Clinical Documentation Integrity: Where Business Acumen Governs High Performance

Clinical documentation integrity (CDI) as a profession is quite similar in nature to running a business. Successful businesses exhibit certain operational qualities and traits that serve to ensure continued growth and prosperity, and their leaders possess a long-term vision and ability to consistently meet, exceed, and solidly predict current and future needs of their customers.

Incorporation of business acumen mindsets and principles into processes and operational decisions is instrumental in achieving high performance from a financial and competitive marketplace perspective. As clinical documentation integrity specialists (CDISs), we are operating a business within the business of healthcare delivery. There are specific duties and responsibilities we are tasked with that form the core basis for documentation improvement.

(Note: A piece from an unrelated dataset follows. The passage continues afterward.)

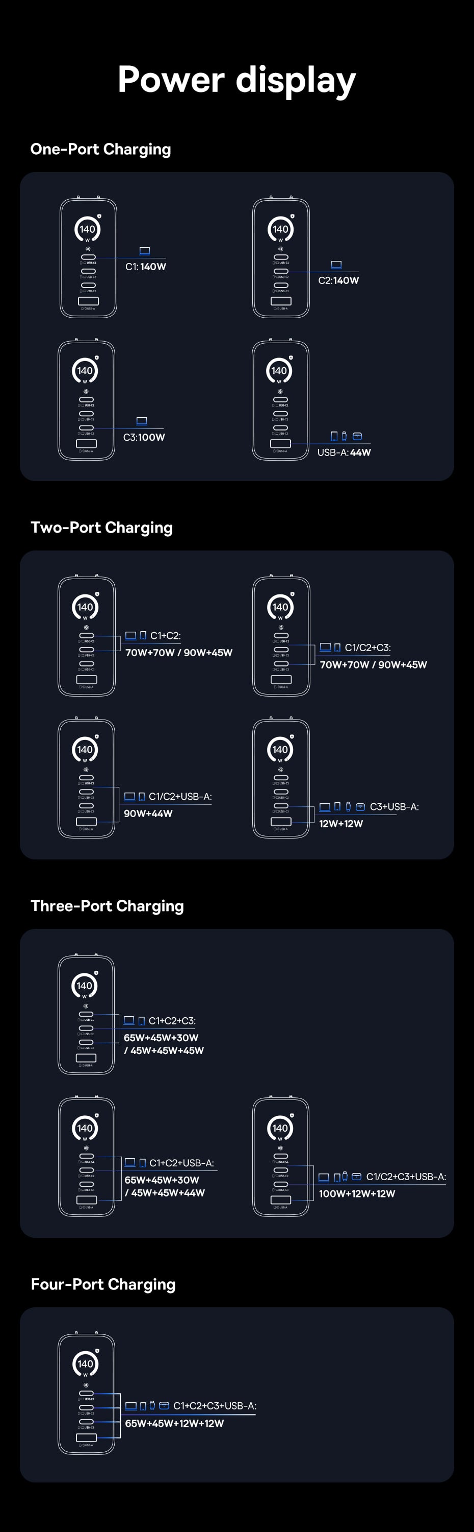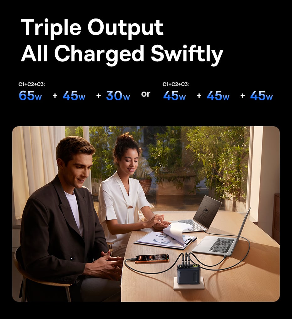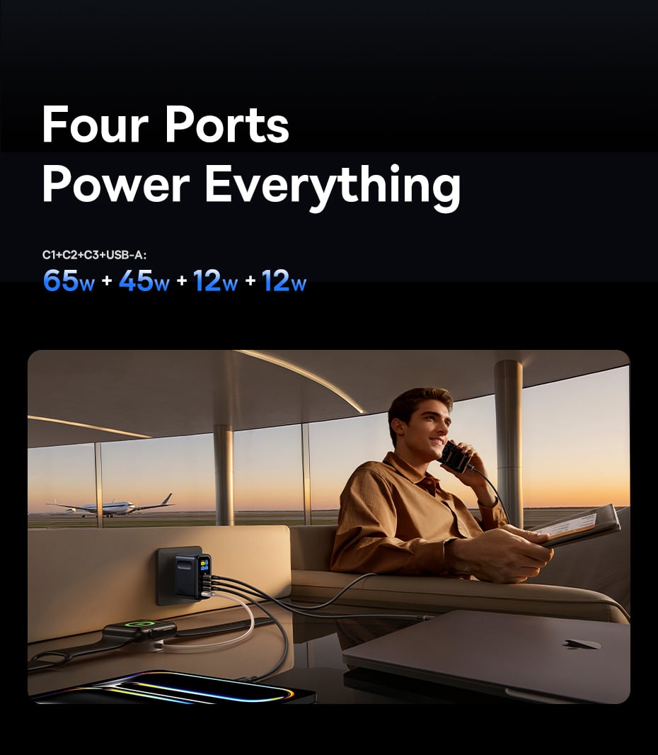 Sản phẩm được trang bị tổng cộng 4 cổng sạc, bao gồm 3 cổng Type-C và 1 cổng USB-A, cho phép bạn nạp năng lượng cùng lúc cho 4 thiết bị khác nhau. Công nghệ phân bổ dòng điện thông minh sẽ tự động chia nhỏ công suất phù hợp cho từng thiết bị, đảm bảo sạc nhanh mà không gây chai pin hay quá nhiệt.

Chart review, identification of potential documentation insufficiencies and/or inconsistencies, and the generation of clinical clarification queries when appropriate are germane and fundamental to such assignments.

Inarguably, there is certain degree of transactional repetitiveness associated with CDI in our quest to secure complete, clear, concise, and consistent documentation through the chart review process. There is one aspect of operating a business that is critical yet strikingly missing from the CDI equation, detracting from the professional’s ability to achieve optimal performance, return on investment, and close alignment and integration with the revenue cycle.

The Critical Missing Element

The critical element missing from the standard operations of CDI is the incorporation of the basic elements of business operations that increase the ultimate likelihood of success. Without the commitment to instill standard traditional business policies into our programs, we will never as a profession achieve the best possible performance for our organizations.  

What do I mean by this? Any successful business leader appreciates the importance of putting into play a forward-thinking plan of action to continually enhance efficiency and effectiveness; increase profitability with cost savings and expanded revenue streams; instill customer loyalty and commitment; and strive toward continuous quality improvement while securing a competitive position in the marketplace. A sound principle of business is adherence to the concept of SOWT:

  • Strengths
  • Weaknesses
  • Opportunities
  • Threats

Unfortunately, this business mindset – which is necessary for improving the quality and effectiveness of documentation – is largely missing in many cases.

Why is this? Operating a business requires absolute commitment to maintaining situational awareness. This includes understanding where the business presently is, where is it going, what the primary obstacles, true deliverable outcomes, and identified weaknesses and threats are. The question to ask yourself is this: are we achieving best performance? In some respects, we are conducting CDI in a vacuum, oblivious to the environment in which we operate.

Situational Awareness: A Best Practice Strategy

Situational awareness means continually looking out for potential threats in the marketplace, identifying and capitalizing upon trend-setting opportunities for documentation improvement, subscribing to the concept of proactivity versus reactivity, and addressing likely weaknesses and counterintuitive/counterproductive processes before they materialize. Let’s look at present-day CDI initiatives from a global perspective, drilling down to the theory of limitations that contributes to less-than-optimal achievement.

Current CDI revolves around the query process, with the notion that queries initiate a series of processes culminating in improved revenue capture through “maximized” ICD-10 coding. Key performance indicator components utilized in judging overall success are centered on the query process, i.e., number of queries issued, responded to, and responded to affirmatively. Other questions asked include whether the query was for a CC or MCC or principal diagnosis selection, and what the impact was upon reimbursement.

What is fundamentally lacking is measurement of whether diagnosis procurement translates into net patient revenue. This is particularly important given the heightened scrutiny by outside third-party payers determined to question and refute the validity of high-severity diagnosis based on “clinical validation.” Then there is the issue of specific documentation requirements often found to be lacking in the record, as identified by Centers for Medicare & Medicaid Services (CMS) Medicare Administrative Contractors (MACs) and Comprehensive Error Rate Testing (CERT) contractors in their prepayment and post-payment reviews of highly expensive procedures such as dual chamber/single chamber pacemakers, hip replacements, and automatic implantable conversion defibrillators, to name just a few. Lack of or insufficient documentation substantiating medical necessity for the procedures in the first place leads to unnecessary self-inflicted denials that can be quite costly.

Indisputably, the search for a secondary diagnosis in a CDI chart review that supposedly increases reimbursement capture serves no purpose when the entire stay generates no revenue and in fact costs the hospital significant sums.

An Incremental Approach to CDI

The profession of CDI must realize that we are operating a business requiring keen business skills, mindsets, and thought leadership. An unrelenting focus on present-day key performance indicators (KPIs) driving day-to-day CDI activities without instilling elements of business operations is an exercise in futility, detracting significantly from the value-add of CDI.

I call on CDI leadership to take the bull by the horns, take stock in your programs, and embrace and interject true business processes that meaningfully align with the revenue cycle processes of the hospital.